I take the bag, ease her out, and shut the door in her face. Holding the first pink box, I read the marketing tagline: Accurate up to six days before a missed period.

That’s fast in detecting hCG in my urine. Despite my random information gathering over the years, I realize I know zilch about pregnancy tests. I sit down on the toilet lid as I unwrap the box and take out the stick and read the instructions. Remove the cap and reveal the absorbent section, pee midstream—oh, that’s nice—then place it on a flat surface and wait six minutes. If you’re pregnant, a line will appear under the control line. Seems easy.

My hand trembles.

And hope, feathery and sweet, blooms and takes flight in my heart, the vision of me with Devon’s baby making me tremble. Is it crazy that I want this? I can have a baby, finish school, be a sci-fi author by night, a teacher by day. More kids, I don’t care—give them all to me, running around our big house and the barn where I’d put my office, renovated with white paint, rustic crossbeams, and industrial lighting.

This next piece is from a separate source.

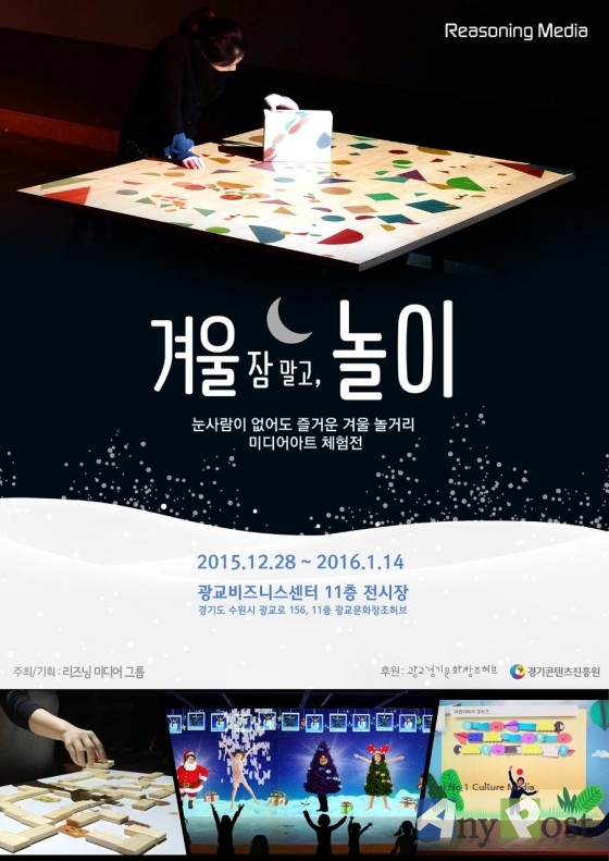 경기도(도지사 남경필)와 경기콘텐츠진흥원(원장 곽봉군)은 가족 대상 미디어 체험 전시회 '겨울 잠 말고, 놀이'를 오는 28일부터 1월 14일까지 수원시 '광교 경기문화창조허브'에서 개최한다고 밝혔다.

What do you want most in the world?

Devon. You. Always you.

God, what a mistake I made.

I’ve been clinging to CERN because it’s been part of me for so long, yet part of that desperation revolved around the mistakes I made with Elena and Preston, a lifeline to escape and start fresh, but now . . . dreams are meant to evolve. Goals readjust. I want family. I want love.

Einstein said many great things, and his favorite quote hung in his office at Princeton: “Not everything that counts can be counted, and not everything that can be counted counts.”

Science is important to me—it’s the core of my personality—but love and happiness, those intangible, beautiful, hard-to-hold things, are what count the most, and physics is just icing on the cake. I can’t be me without him, knowing he’s in the world and I’m thousands of miles away. What good would I be at CERN, not caring, missing him with every breath I took?

A knock makes me start. “You’ve been in there for half an hour!” Mama says. “Can’t you pee? Let me get a Sun Drop.”

She shuffles off, and I hear talking from the shop. They’re probably out there planning a baby shower. I shake my head and stare at the magical pee thing. “Thank you, little stick,” I whisper. “I would have figured it out before I left, but you helped. Let’s hope Devon . . .” My voice cracks. What if he doesn’t let me back into his heart? Worse, what if I’m pregnant and he . . .

Don’t go there.

Might as well get this over with. I take care of business, using two sticks, one after the other, then setting them on the counter—and wait.

I can’t breathe as I watch the minutes tick down on my phone. My fingers clutch the edge of the sink as I breathe, anticipation building and rising with each moment. I want this, I want this, I want this—and him.

Six minutes later, I clean up the mess, throwing the package and instructions in the trash. Leaning my head against the door for a minute, I attempt to get my emotions under control, grappling with the torrent of feelings as I swipe at my face.

Walking down the hall and out into the beauty shop, I watch my feet, my mind tumbling. I need another shower. One wasn’t enough. I need to put some makeup on, some decent clothes besides his shirt—which I haven’t taken off. I need to see him. Friday night rushes back at me: his anger, his disappointment, his I love you.

“Why are you crying?” Mama asks, rushing over to me.

From her perch in a stylist chair, Myrtle says, “Bun in the oven. Knew it.”

The door opens, and he walks in.

My whole life. Right there.

His eyes are wide, and his face . . . “Baby, don’t cry,” he says in a deep husky voice.

My body reacts, spinning toward him as he rushes to me, broad shoulders swaying as he stops in front of me, and I jump in his arms.

“I called him,” Elena offers with a grimace as she waves at the rest of them and shoos them out the front door. They file out, not willingly, but they do.